Extracted entries:
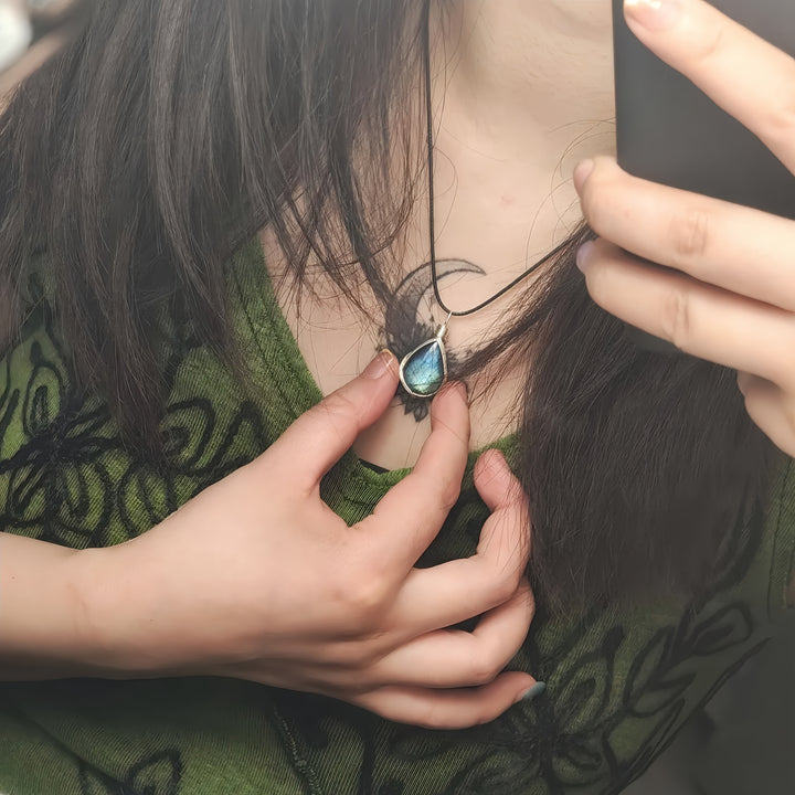 Unique Bohemian Design: The handcrafted silver wire wrapped around the labradorite pendant creates a unique bohemian aesthetic. It not only highlights the natural beauty of the gemstone but also adds a rustic, artistic touch. This versatile design complements casual outfits like a simple white T-shirt and jeans, but also more formal or bohemian-inspired dresses.
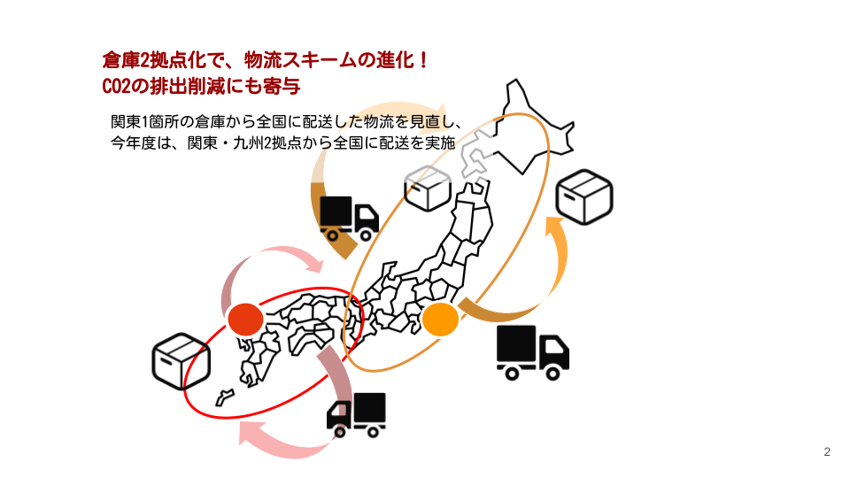 第1回トライアル配送の際は、東京1箇所の倉庫から全国に配送しましたが、支援団体が九州に多くあることも勘案し、今回は東京・佐賀2拠点から全国各地への配送と、物流の見直しも行いました。CO2の排出など物流における環境負荷低減にもつながります。
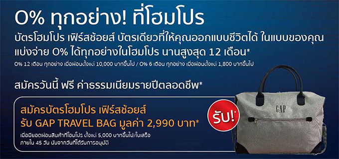 สมัครบัตรโฮมโปร เฟิร์สช้อยส์! รับกระเป๋า GAP Travel
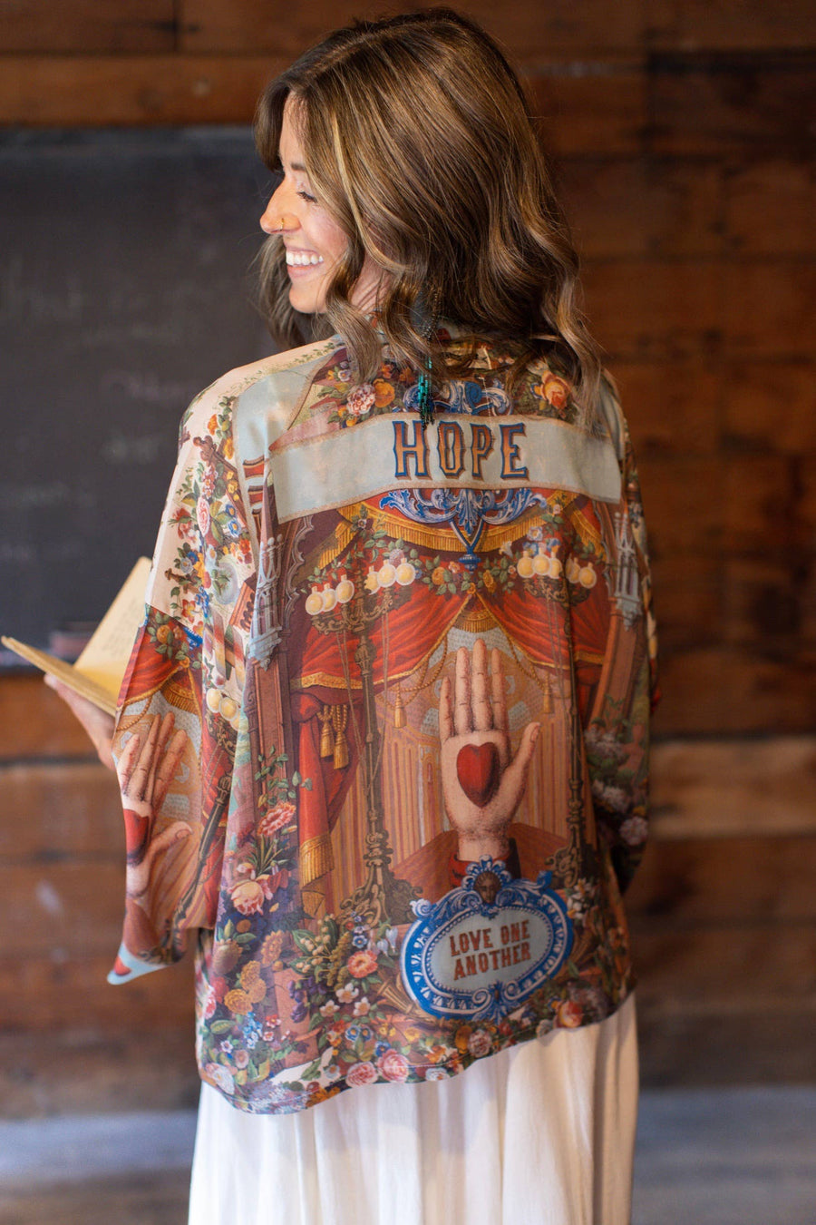 We reworked the images and added our own touches — including the heart-in-hand (the symbol for kindness and charity), and messages in historic fonts (“Love is the only gold” and “Love one another”) to complement the original hand-lettering.
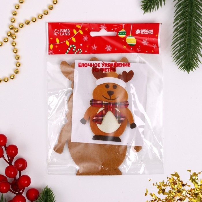 Набор для творчества - создай ёлочное украшение из фетра «Олень в шарфике»
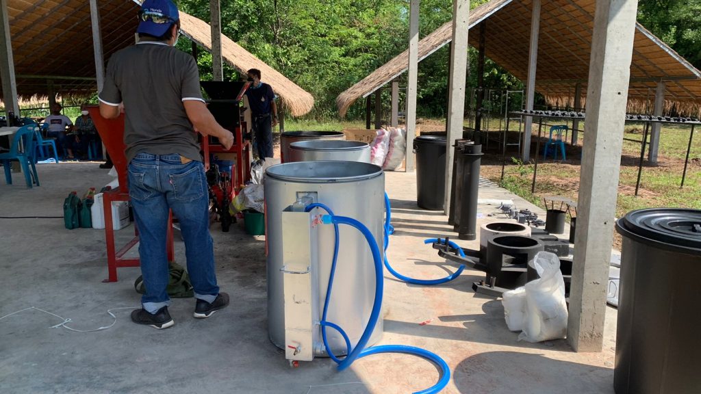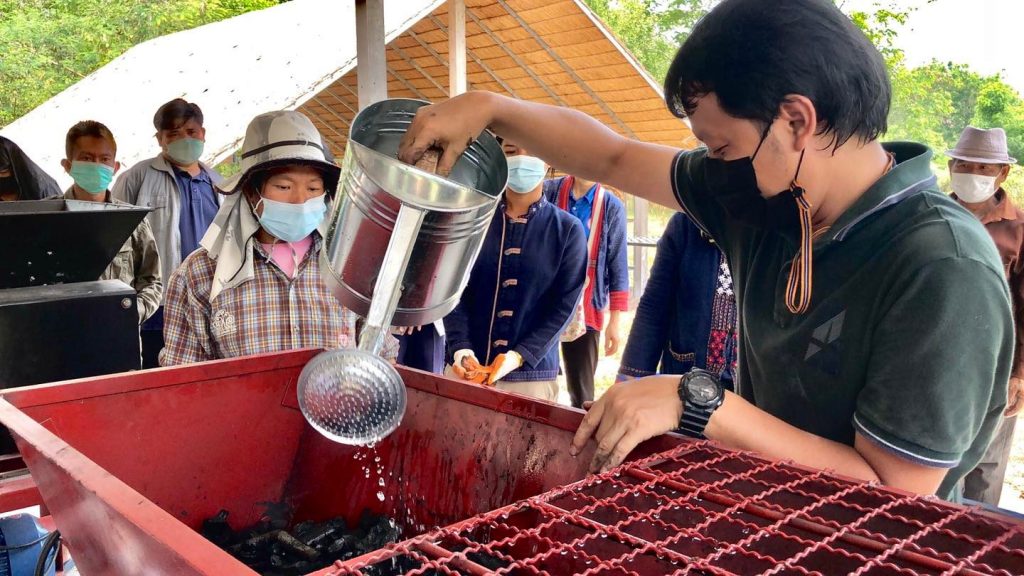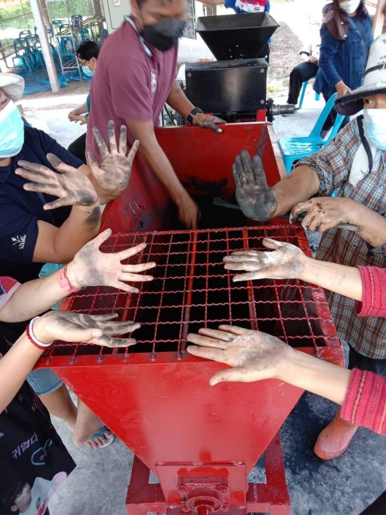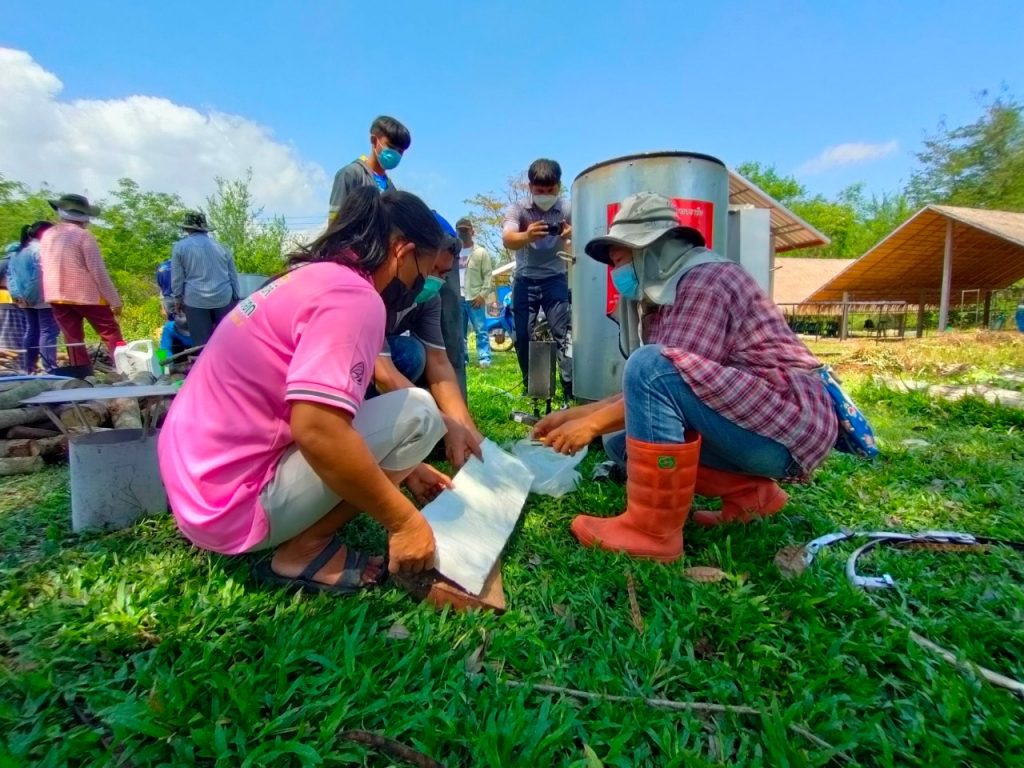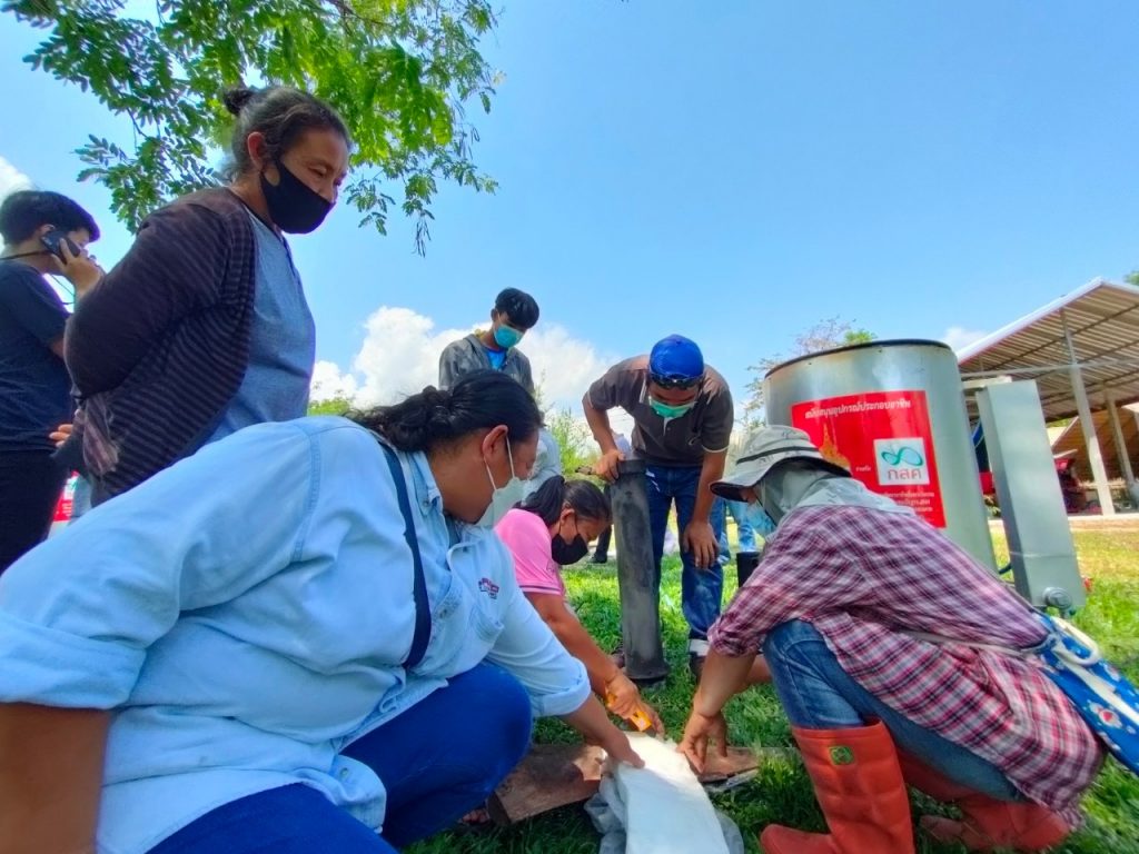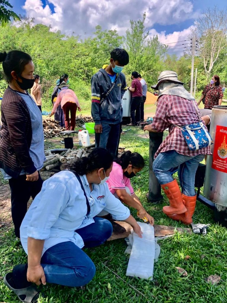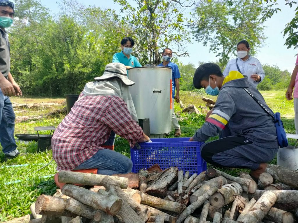วันที่ 26-29 มีนาคม 2565 คณะอุตสาหกรรมและเทคโนโลยี มทร.อีสาน วิทยาเขตสกลนคร จัดกิจกรรมอบรมทักษะอาชีพผลิตถ่านอัดแท่งไร้ควัน ภายใต้โครงการทุนพัฒนาอาชีพและนวัตกรรมที่ใช้ชุมชนเป็นฐาน ปี 2564 กองทุนเพื่อความเสมอภาคทางการศึกษา (กสศ.) ณ กลุ่มวิสาหกิจชุมชนธรณินทร์อินทรีย์ อ.กุดบาก จ.สกลนคร โดยมีวัตถุประสงค์เพื่อส่งเสริม สนับสนุนและให้ความช่วยเหลือ พัฒนาทักษะอาชีพชุมชนให้สามารถเผาถ่านไร้ควันและถ่านอัดแท่งได้ตามมารตรฐานถ่านอัดแท่งชุมชน พร้อมทั้งพัฒนารูปแบบหีบห่อบรรจุภัณฑ์ และสามารถใช้รูปแบบการจำหน่ายออนไลน์ได้ โดยหัวข้อการฝึกอบรมประกอบด้วย ทักษะปฏิบัติการเผาถ่านไร้ควัน ทักษะปฏิบัติการออกแบบโลโก้ และบรรจุภัณฑ์ ทักษะปฏิบัติการขายออนไลน์การตลาดและบริหารจัดการ

The problem: The data above must be given again in full and unaltered, minus its images.

Answer:
 Unique Bohemian Design: The handcrafted silver wire wrapped around the labradorite pendant creates a unique bohemian aesthetic. It not only highlights the natural beauty of the gemstone but also adds a rustic, artistic touch. This versatile design complements casual outfits like a simple white T-shirt and jeans, but also more formal or bohemian-inspired dresses.
 第1回トライアル配送の際は、東京1箇所の倉庫から全国に配送しましたが、支援団体が九州に多くあることも勘案し、今回は東京・佐賀2拠点から全国各地への配送と、物流の見直しも行いました。CO2の排出など物流における環境負荷低減にもつながります。
 สมัครบัตรโฮมโปร เฟิร์สช้อยส์! รับกระเป๋า GAP Travel
 We reworked the images and added our own touches — including the heart-in-hand (the symbol for kindness and charity), and messages in historic fonts (“Love is the only gold” and “Love one another”) to complement the original hand-lettering.
 Набор для творчества - создай ёлочное украшение из фетра «Олень в шарфике»
วันที่ 26-29 มีนาคม 2565 คณะอุตสาหกรรมและเทคโนโลยี มทร.อีสาน วิทยาเขตสกลนคร จัดกิจกรรมอบรมทักษะอาชีพผลิตถ่านอัดแท่งไร้ควัน ภายใต้โครงการทุนพัฒนาอาชีพและนวัตกรรมที่ใช้ชุมชนเป็นฐาน ปี 2564 กองทุนเพื่อความเสมอภาคทางการศึกษา (กสศ.) ณ กลุ่มวิสาหกิจชุมชนธรณินทร์อินทรีย์ อ.กุดบาก จ.สกลนคร โดยมีวัตถุประสงค์เพื่อส่งเสริม สนับสนุนและให้ความช่วยเหลือ พัฒนาทักษะอาชีพชุมชนให้สามารถเผาถ่านไร้ควันและถ่านอัดแท่งได้ตามมารตรฐานถ่านอัดแท่งชุมชน พร้อมทั้งพัฒนารูปแบบหีบห่อบรรจุภัณฑ์ และสามารถใช้รูปแบบการจำหน่ายออนไลน์ได้ โดยหัวข้อการฝึกอบรมประกอบด้วย ทักษะปฏิบัติการเผาถ่านไร้ควัน ทักษะปฏิบัติการออกแบบโลโก้ และบรรจุภัณฑ์ ทักษะปฏิบัติการขายออนไลน์การตลาดและบริหารจัดการ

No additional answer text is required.